Добавить в цитаты Настройки чтения

Страница 32 из 38



В общем, получалось, что «оба правы» и даже «порицать»-то особенно некого. Для России это был, пусть небольшой, но успех, особенно если вспомнить обстановку, при которой возникла сама мысль об образовании комиссии. Еще более значимым был психологический эффект. Важнейшим итогом работы комиссии стало бесповоротное разрушение образа российской эскадры как кровожадного, вооруженного до зубов варвара, угрожающего всему цивилизованному человечеству, над созданием которого так долго трудилась антироссийская пропаганда. Комиссия признала «военные качества» и «гуманные чувства» русских моряков, «умалять» которые теперь стало невозможно. По всем этим причинам официальный Петербург итоги работы международной комиссии расценил как свою, хотя и скромную, но победу, о чем управляющий Морским министерством Авелан поспешил уведомить телеграфом Рожественского на Мадагаскаре. Косвенно то же доказывает награждение австрийского адмирала Шпауна Большой орденской лентой, а бессменного председателя международной комиссии, французского адмирала Фурнье, – высшим российским орденом Св.

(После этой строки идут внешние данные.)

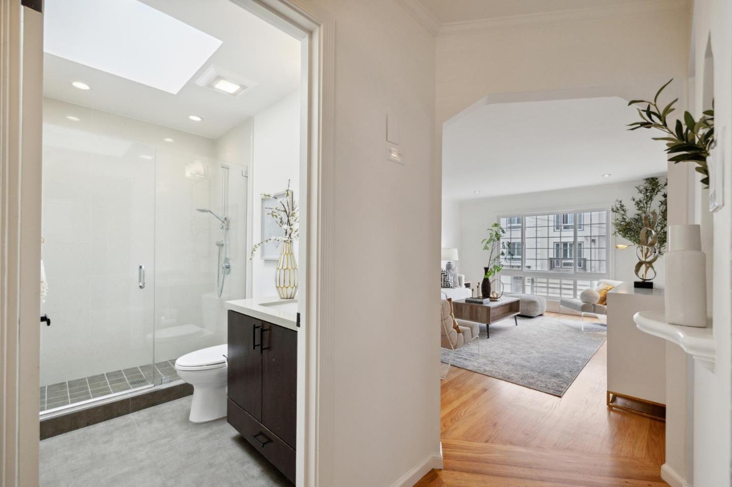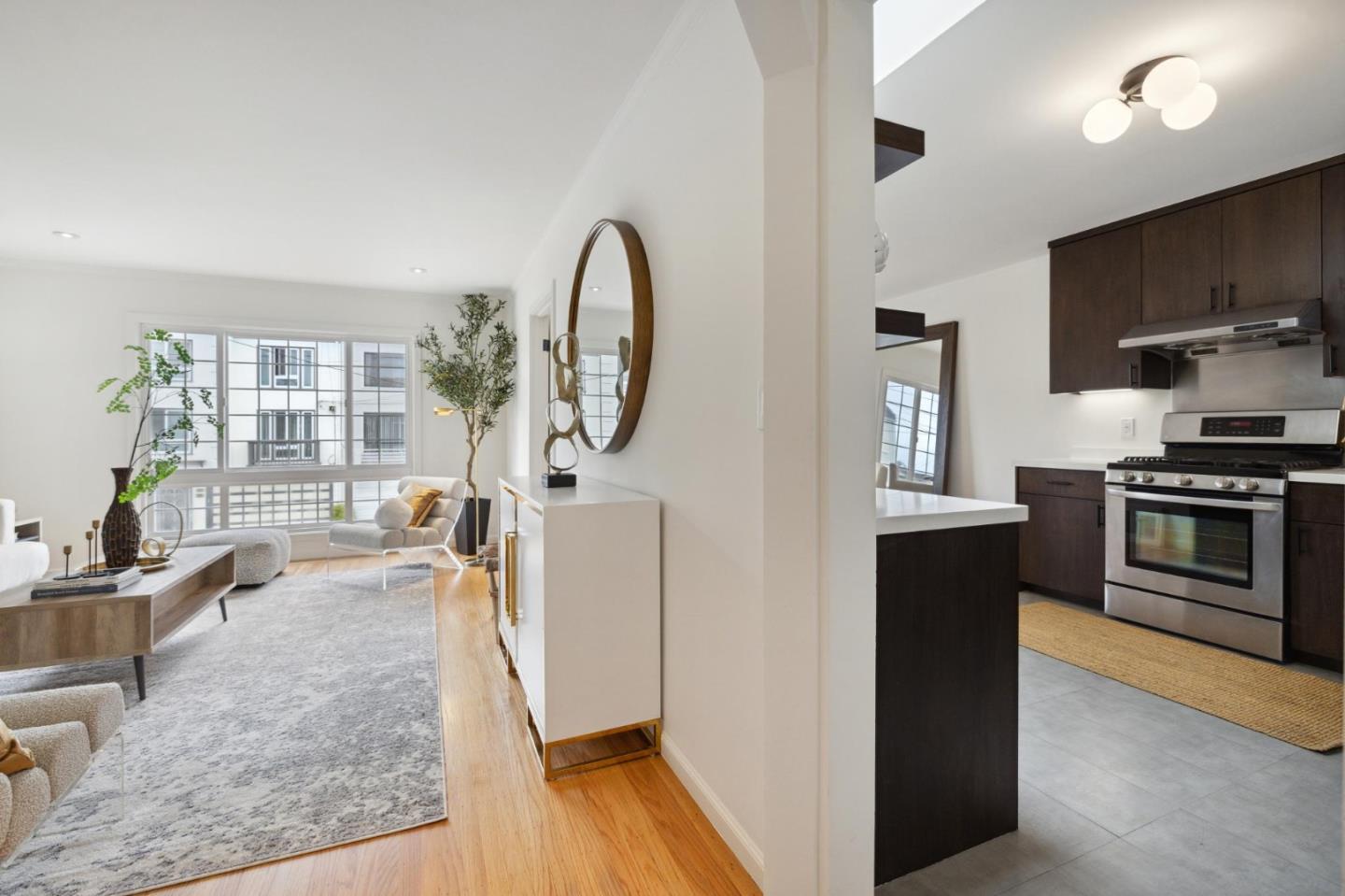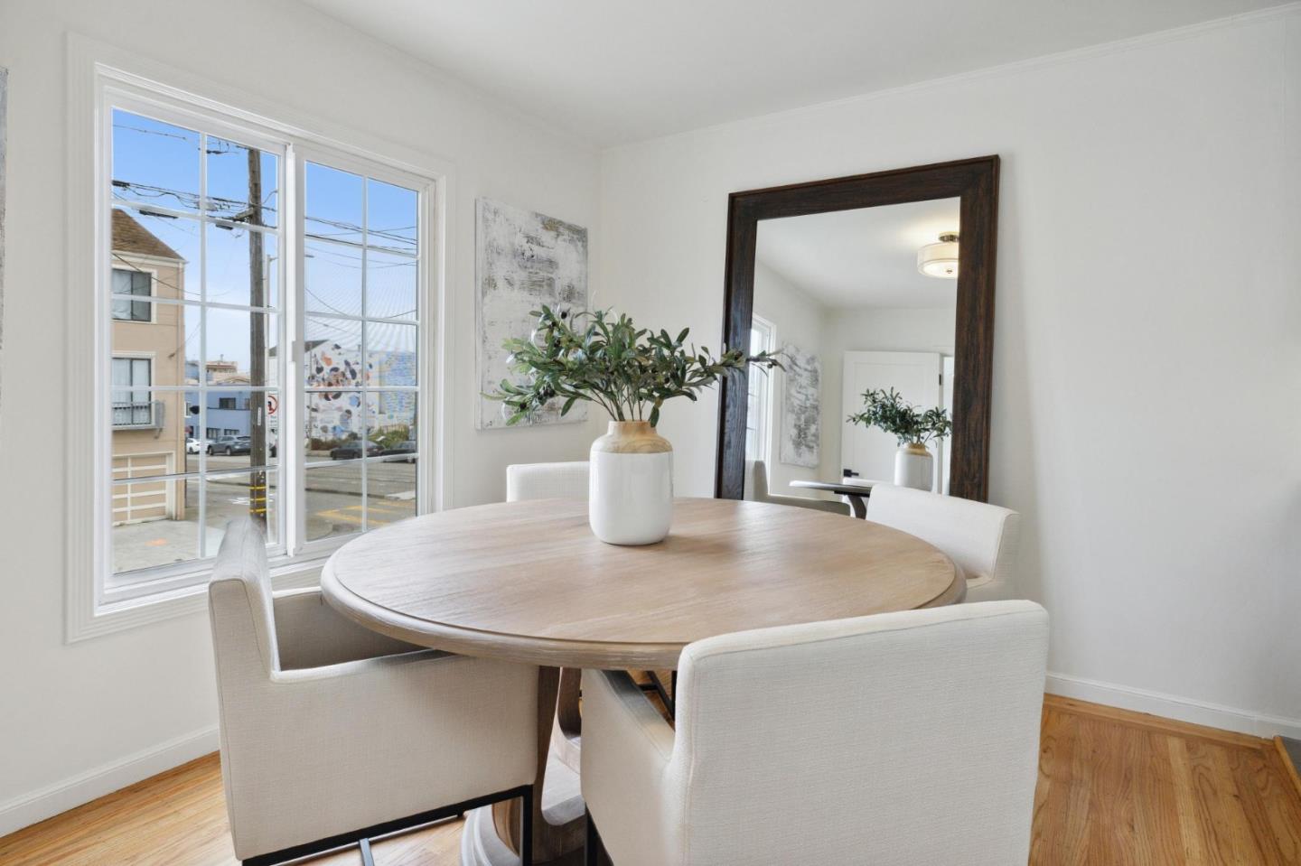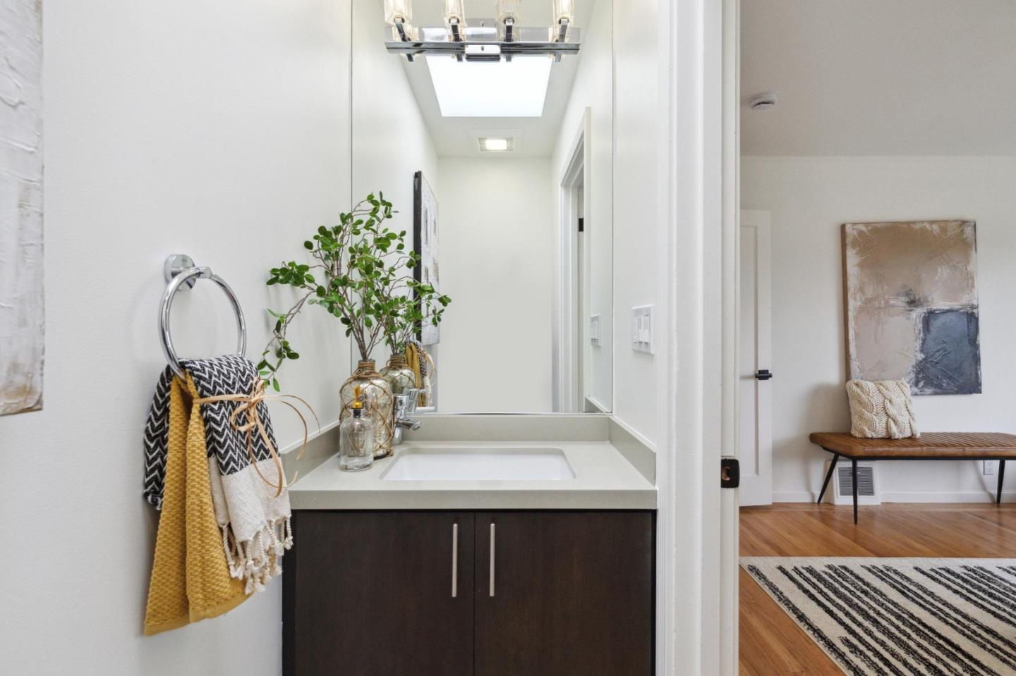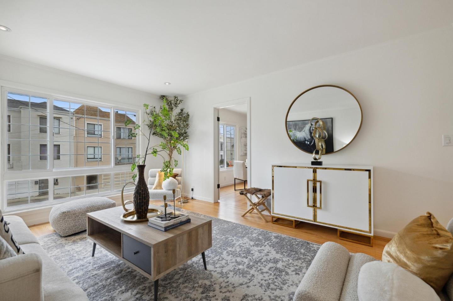 In the low-key Outer Sunset near cafes, restaurants, markets and public transit, and a couple of blocks from Golden Gate Park and Ocean Beach, this 3BD, 2.5BA home zoned RH2 has tasteful modern updates mixed with original architectural distinctions. With 2 bedrooms, 1.5 bathrooms and public rooms on the upper level, and versatile two-room suite with full bath and kitchenette on the lower level, the home presents creative possibilities. Home attributes include the updated full kitchen and bathrooms, skylights, recessed lighting, new light fixtures, refinished oak floors, quartz and porcelain tile finishes, dual-pane windows and freshly painted interior and exterior. The layout features a bright and spacious living room with distinctive fireplace, stylish sky-lit kitchen with ample cabinetry and stainless steel appliances, sky-lit bathrooms with streamlined elegance, bedrooms overlooking the back yard and a one-car garage with washer, dryer and access to the low-maintenance back yard.
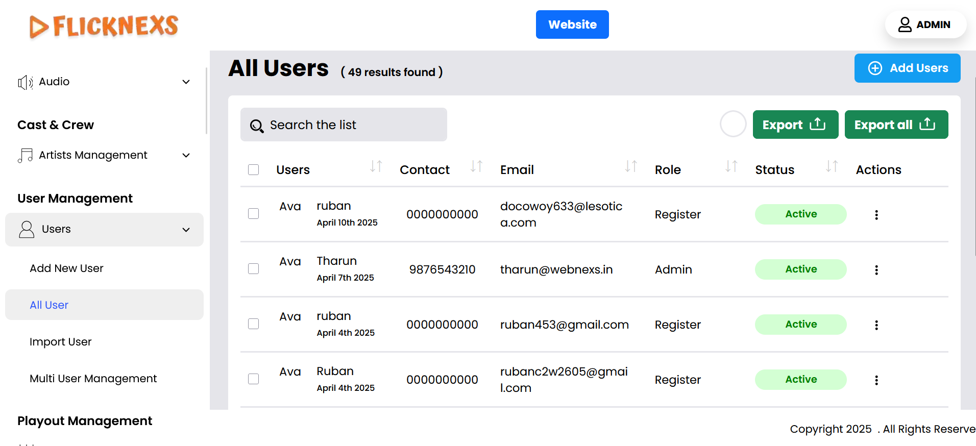 In the All Users section of your admin panel, you have the ability to view and manage a list of all registered users. Here’s a detailed explanation of each component you can see and the functionalities available:

Андрея Первозванного и, в качестве особой «монаршей милости», подарком «из кабинета его величества» – украшенной бриллиантами и рубином табакеркой с изображением самого Николая II357. По настоянию Дубасова, таким же ценным сувениром «по морскому ведомству» был отмечен и юрисконсульт российской делегации барон Таубе в добавление к Владимиру IV степени – не «в очередь» и на этот раз «по ведомству МИД». Самого руководителя российской делегации по итогам работы парижской комиссии император «пожаловал своим генерал-адъютантом»358. В Великобритании дело ограничилось выражением благодарности от лица короля и правительства членам британской делегации в Париже и скромной денежной премией ее техническим сотрудникам359. Все другие адмиралы-«комиссары» также получили благодарности своих правительств; Фурнье от лица британского правительства был награжден Большим Крестом Ордена Св. Михаила и Георга, а американский адмирал Дэвис получил ценный подарок.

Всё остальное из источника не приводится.